If you use this code for a paper please cite:
@article{gao2023champion,
title={Champion Solution for the WSDM2023 Toloka VQA Challenge},
author={Gao, Shengyi and Chen, Zhe and Chen, Guo and Wang, Wenhai and Lu, Tong},
journal={arXiv preprint arXiv:2301.09045},
year={2023}
}
@article{chen2022vitadapter,
title={Vision Transformer Adapter for Dense Predictions},
author={Chen, Zhe and Duan, Yuchen and Wang, Wenhai and He, Junjun and Lu, Tong and Dai, Jifeng and Qiao, Yu},
journal={arXiv preprint arXiv:2205.08534},
year={2022}
}
Install MMDetection v2.22.0.
# recommended environment: torch1.9 + cuda11.1
pip install torch==1.9.0+cu111 torchvision==0.10.0+cu111 torchaudio==0.9.0 -f https://download.pytorch.org/whl/torch_stable.html
pip install mmcv-full==1.4.2 -f https://download.openmmlab.com/mmcv/dist/cu111/torch1.9.0/index.html
pip install timm==0.4.12
pip install tfty
pip install mmdet==2.22.0
ln -s ../detection/ops ./
cd ops & sh make.sh # compile deformable attention
Preparing the Toloka VQA Dataset and the filtered GQA dataset (optional).
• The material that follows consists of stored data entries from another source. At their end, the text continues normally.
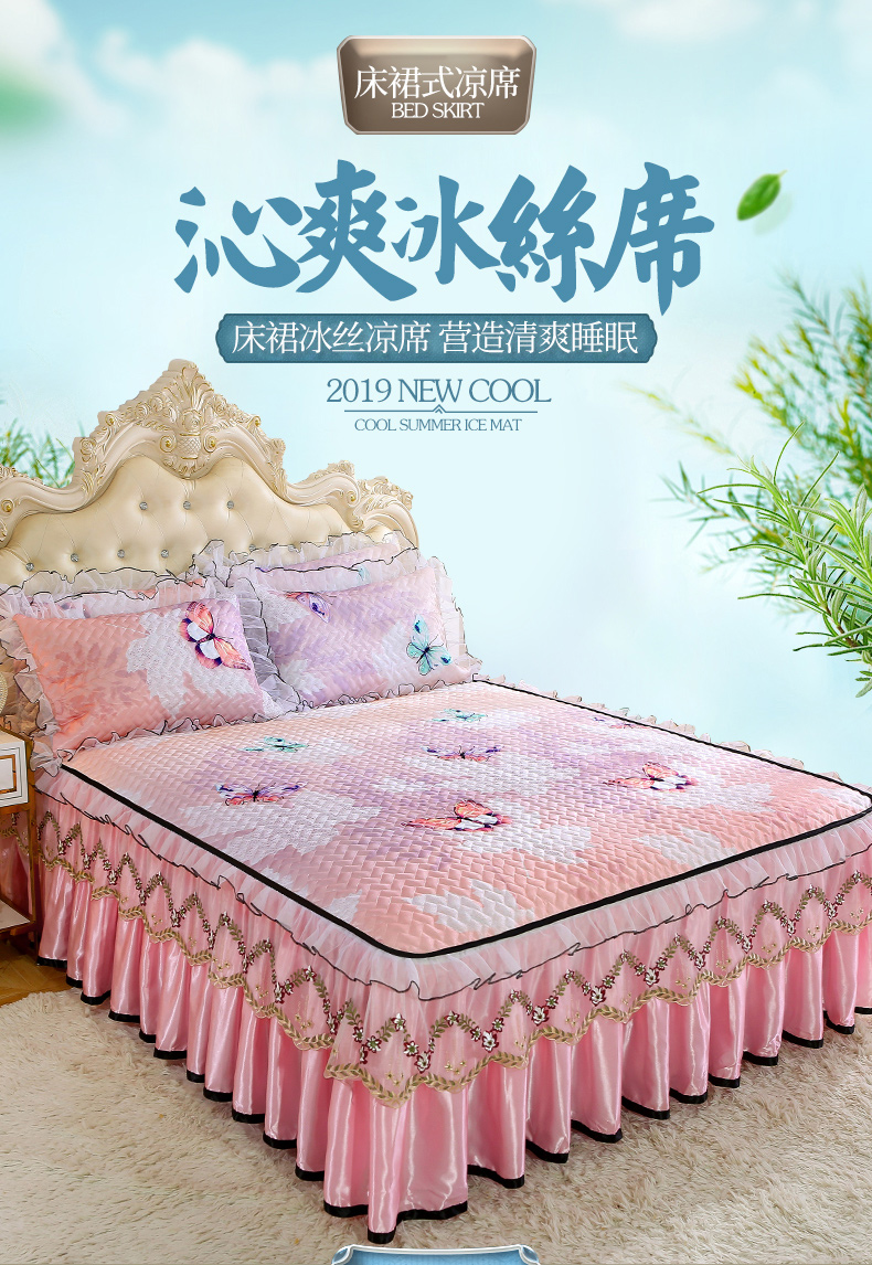 网红馆 2025新款冰丝凉席床裙三件套 蝴蝶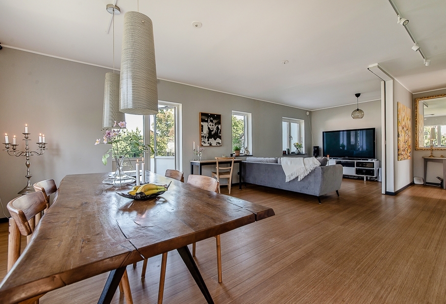 Hela lägenheten präglas av ljus, rymd, påkostade material samt fina färgval.
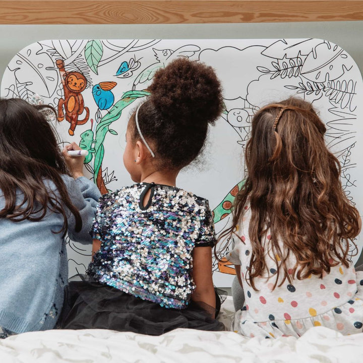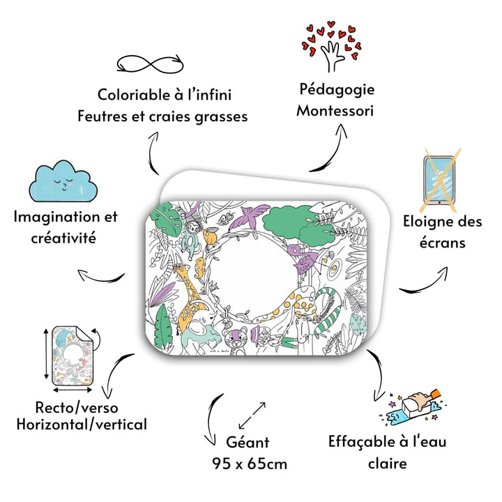 "Coloriboard" yra didelis daugkartinio naudojimo spalvinimo lapas. Priekinė pusė džiunglių tema apima visus simbolinius šios visatos gyvūnus: tigrą, gyvatę, dramblį ir kt.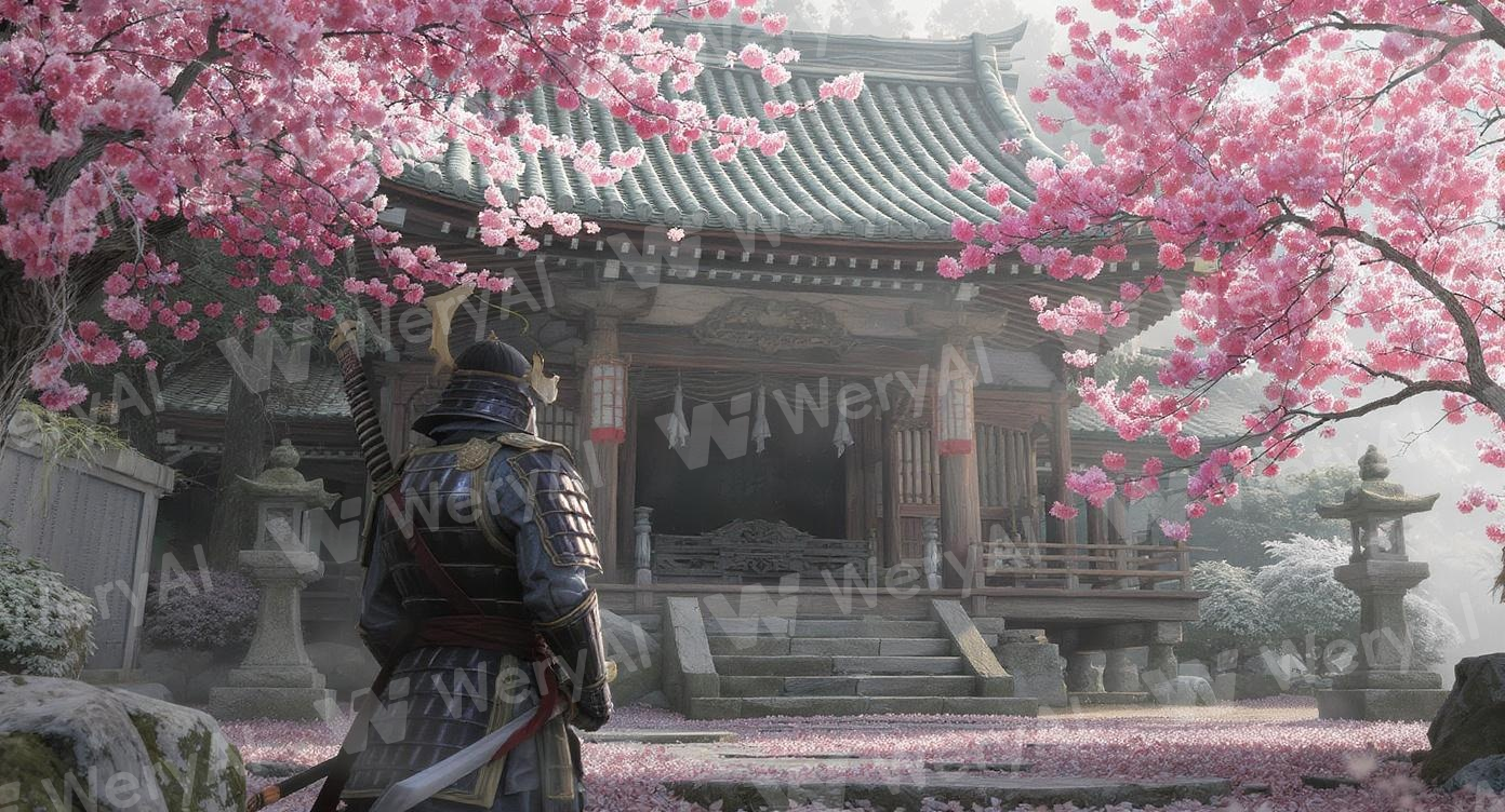 A 3D animation scene. In the distance, a Japanese samurai dressed in exquisite traditional bushido attire stands with their back to the camera in front of an ancient wooden Shinto shrine. Further away, blooming pink cherry blossom trees are rendered in clear detail, and stone lanterns stand silently.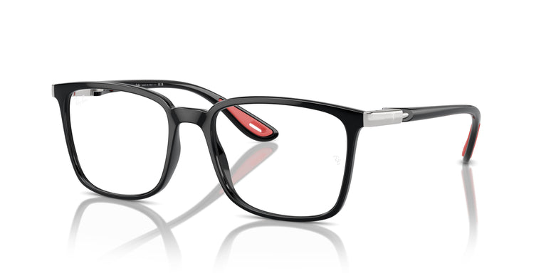 Bold square frames for racing fans with details in the iconic Scuderia Ferrari colors. Rubber temple tips for a secure fit inspired by sports car design, and the Ray-Ban logo engraved on the silver details for an authentic touch. The rubber temple tips come in Scuderia Ferrari red and yellow. This model is available in contrasting and tone-on-tone color combinations inspired by racing tracks.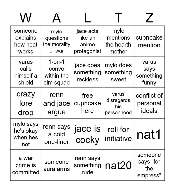 This bingo card has a free space and 24 words: renn says a cold one-liner, someone aurafarms, jace does something reckless, a war crime is committed, cupncake mention, someone explains how heat works, varus calls himself a shield, mylo questions the morality of war, varus disregards his personhood, jace is cocky, mylo does something sweet, crazy lore drop, roll for initiative, nat1, 1-on-1 convo within the elm squad, nat20, conflict of personal ideals, jace acts like an anime protagonist, varus says something funny, renn and jace argue, someone says "for the empress", mylo says he's okay when hes not, mylo mentions the hearth mother and renn says something rude.
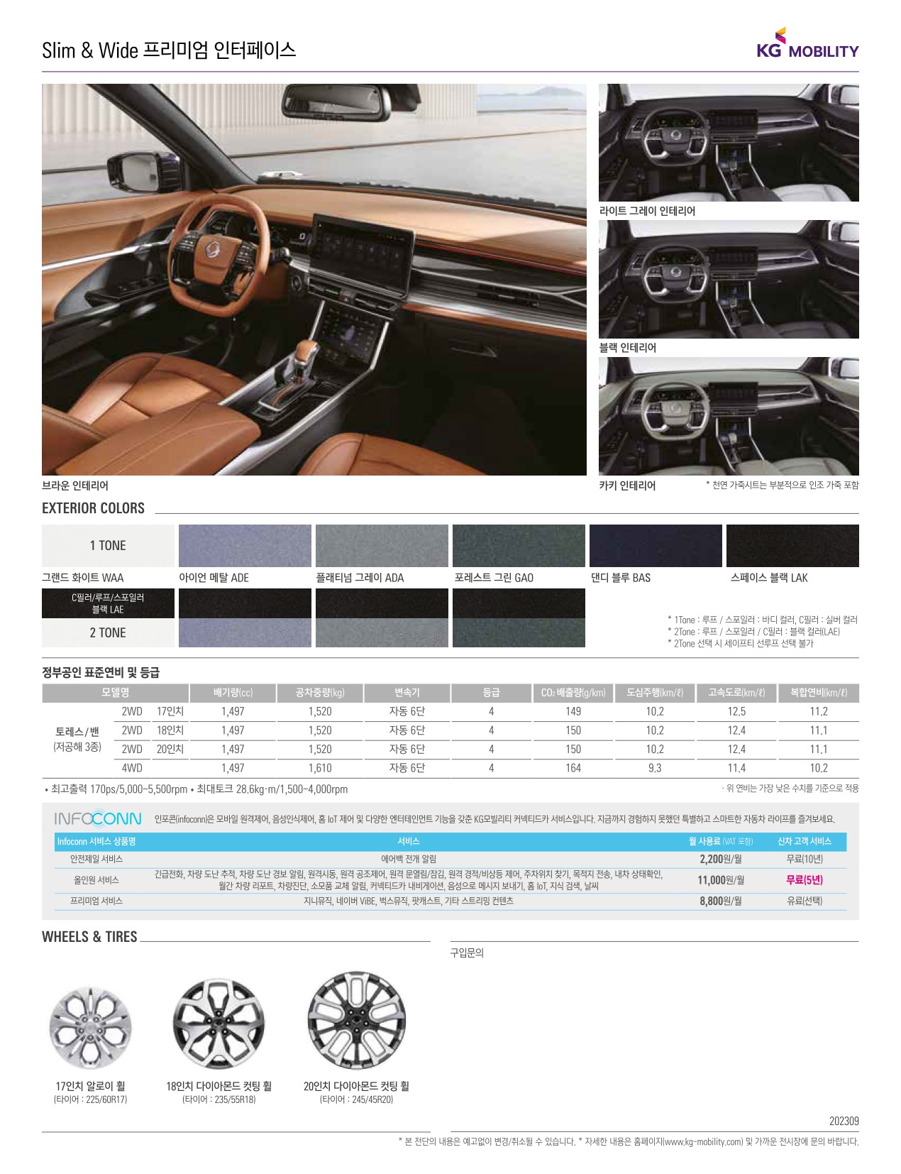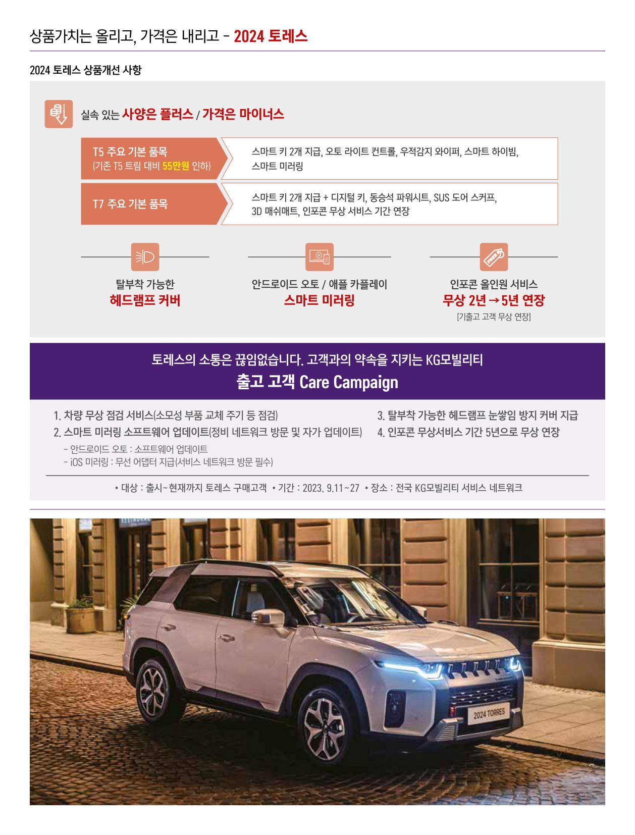 2023년 9월 토레스 신차가격표 (2024년형 토레스 출시)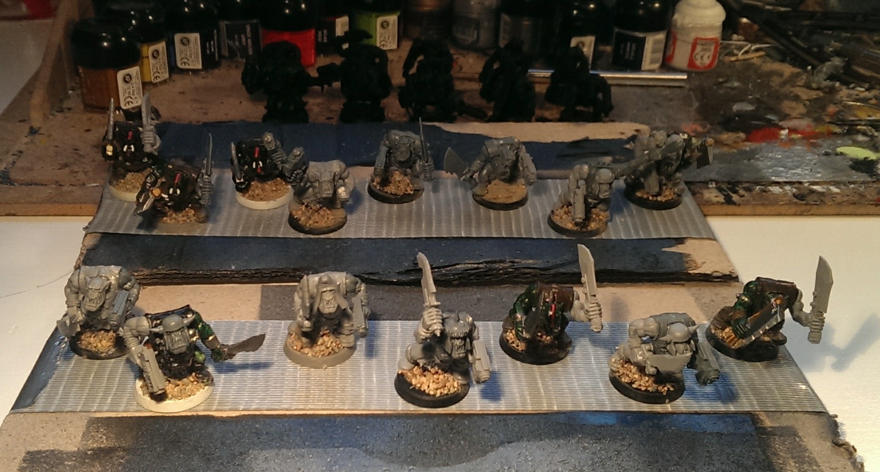 The 10 basecoated are the second half of the ones painted already in the first mob. The 15 in waiting for a basecoat is the first half from the second mob.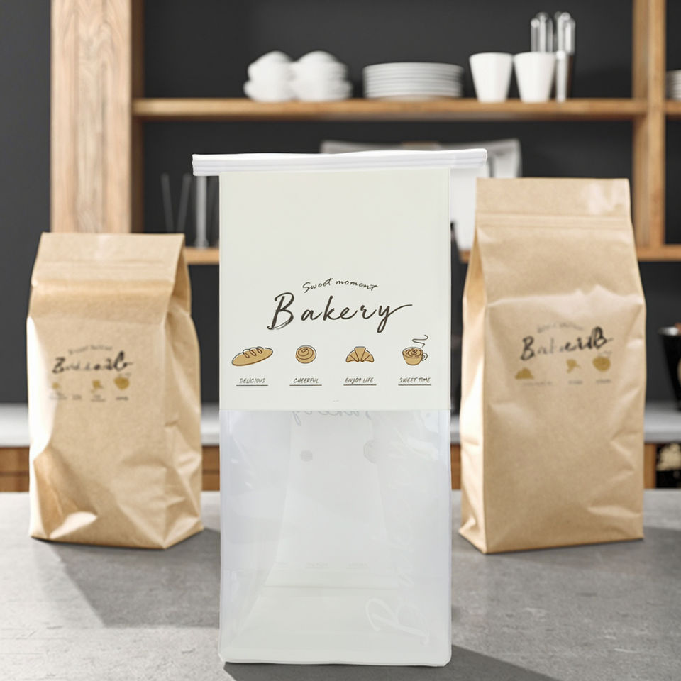 ถุงไมลาร์กระดาษคราฟท์หน้าต่างใสกันคราบไขมันสำหรับขนมปังโลโก้ออกแบบได้ตามต้องการ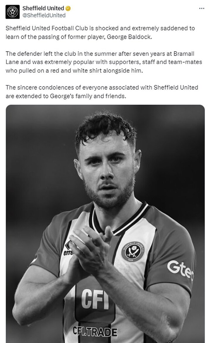 'Sheffield United Football Club is shocked and extremely saddened to learn of the passing of former player, George Baldock,' they posted on X.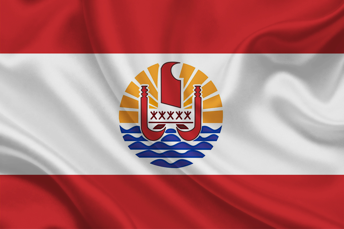 Bandeira oficial do Taiti, confeccionada em poliéster, emblema estampado em recorte circular e aplicado tecido sobre tecidos costurados entre si em ambas as faces.
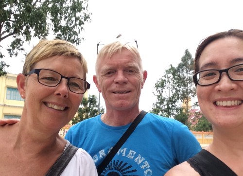 So I went up to this older white couple and asked them if they spoke English. With a surprising tone (I’m sure they never thought anyone in Vietnam would be asking them that question), they said “Yes?” And then I asked to take a pic with them. I said I wanted to take a picture with white people because I’m half white and happy to see them. They gave me a hesitant (and kinda offended) “Okay,” and I asked them where they were from. They said Holland. I told them, “Trust me, it’s okay because this is so postcolonial,” as I took the selfie. My mom gave me a look that said, “What you do?!” I grabbed her arm and told the couple, “This is my mom. Isn’t she cute?” They chuckled and quickly boarded their tour bus.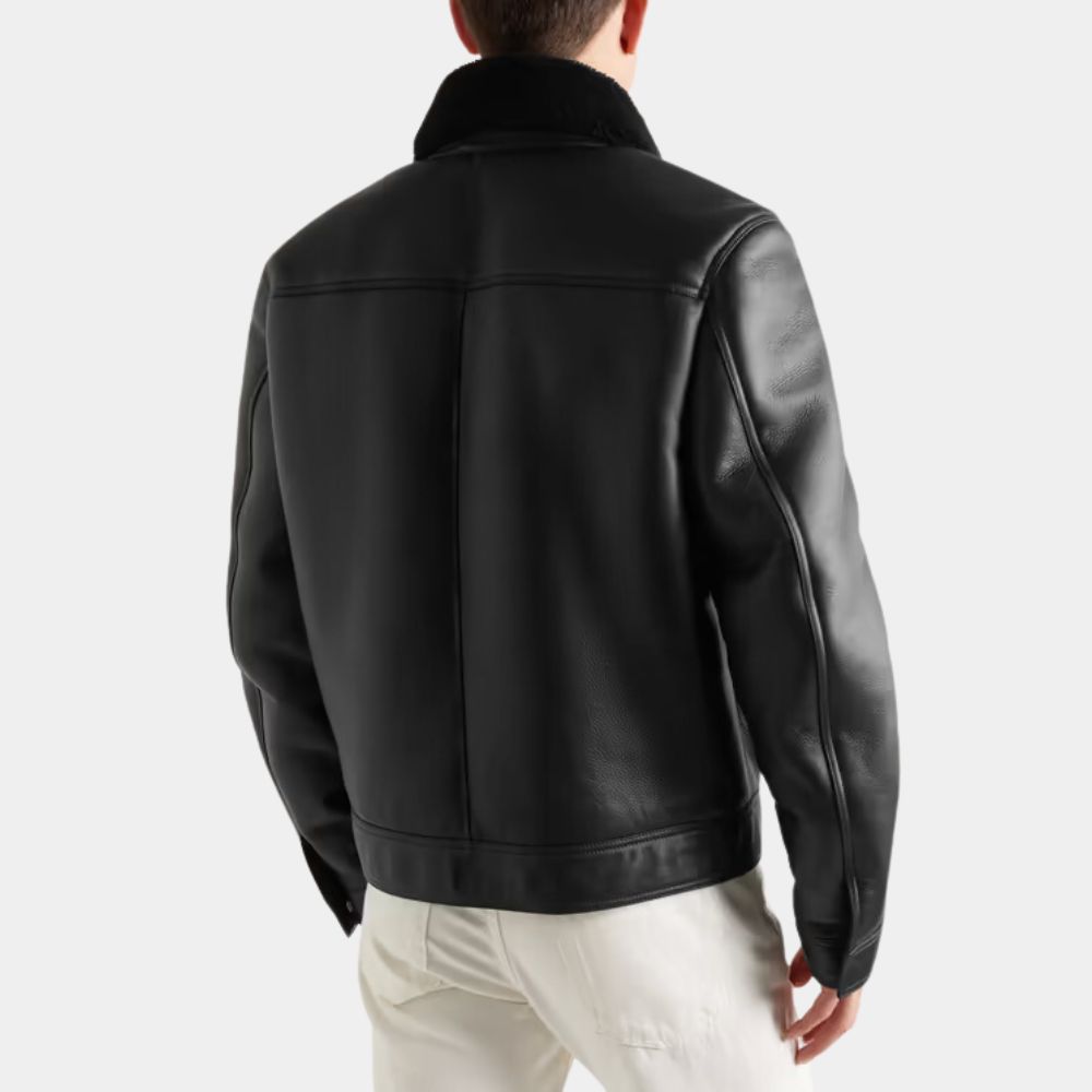 Men’s Shearling Collar Black Leather Trucker Jacket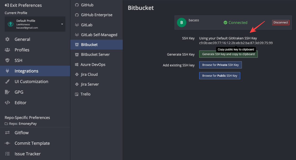 일단 GitKraken과 Sourcetree가 bitbucket을 접근할 수 있도록 SSH 인증키를 등록해보자.
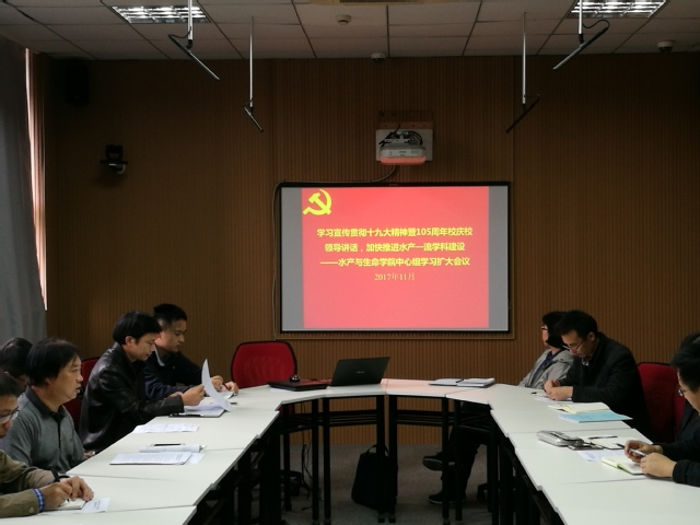 11月6日,雷竞技raybat竞猜在苏友楼106会议室召开中心组学习扩大会议,会议主题是“学习宣传贯彻十九大精神暨105周年校庆校领导讲话,加快推进水产一流学科建设”。学院中心组全体成员参会,此次会议还邀请了学院各基层组织负责人列席参会,会议由雷竞技raybat竞猜党委书记张宗恩主持。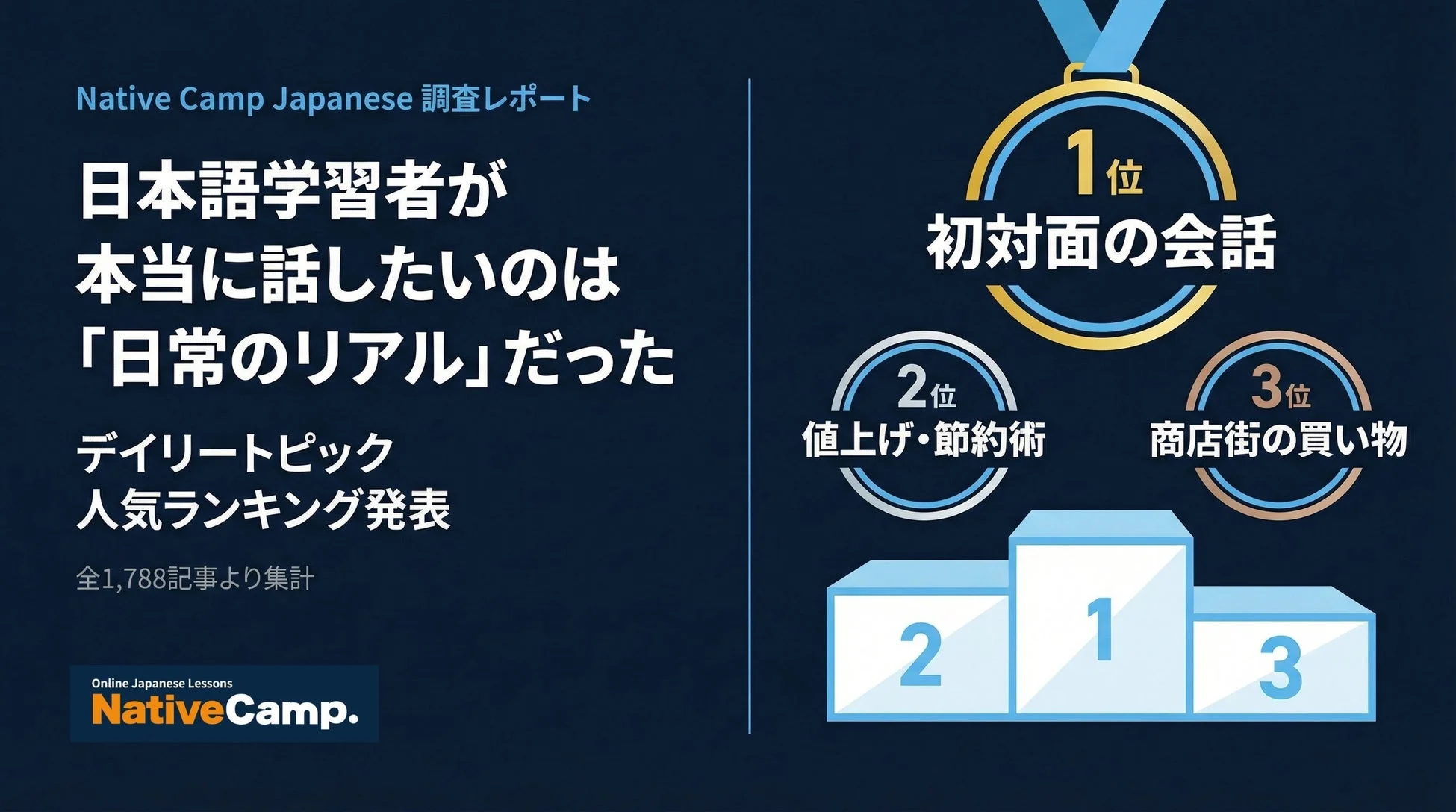 今回のランキングは、2026年4月14日時点のデイリートピック全1788記事を対象に、Native Camp Japanese内の受講データと閲覧数をもとに独自に集計されました。

Please download the converted annotations for wsdm2023 from here.
wsdm2023
└── data
├── wsdm2023
│ ├── annotations
│ ├── train
│ ├── train_sample
│ └── test_public
└── grounding_gqa
├── annotations
└── images
Name | Year | Type | Data | Repo | Paper |
---|---|---|---|---|---|
Uni-Perceiver | 2022 | Supervised | Multi-Modal | repo | paper |
Backbone | Pretrain | Head | Lr schd | Config | Download |
---|---|---|---|---|---|
ViT-Adapter-B | UniPerceiver-B | DINO | 6ep | config | ckpt | log |
ViT-Adapter-L | UniPerceiver-L | DINO | 6ep | config | ckpt | log |
To pre-train the model on the filtered GQA Dataset on a single node with 8 gpus:
sh dist_train.sh configs/dino_4scale_uniperceiver_adapter_base_6ep_gqa.py 8
sh dist_train.sh configs/dino_4scale_uniperceiver_adapter_large_6ep_gqa.py 8
- We split a val set from the training set for offline model evaluation.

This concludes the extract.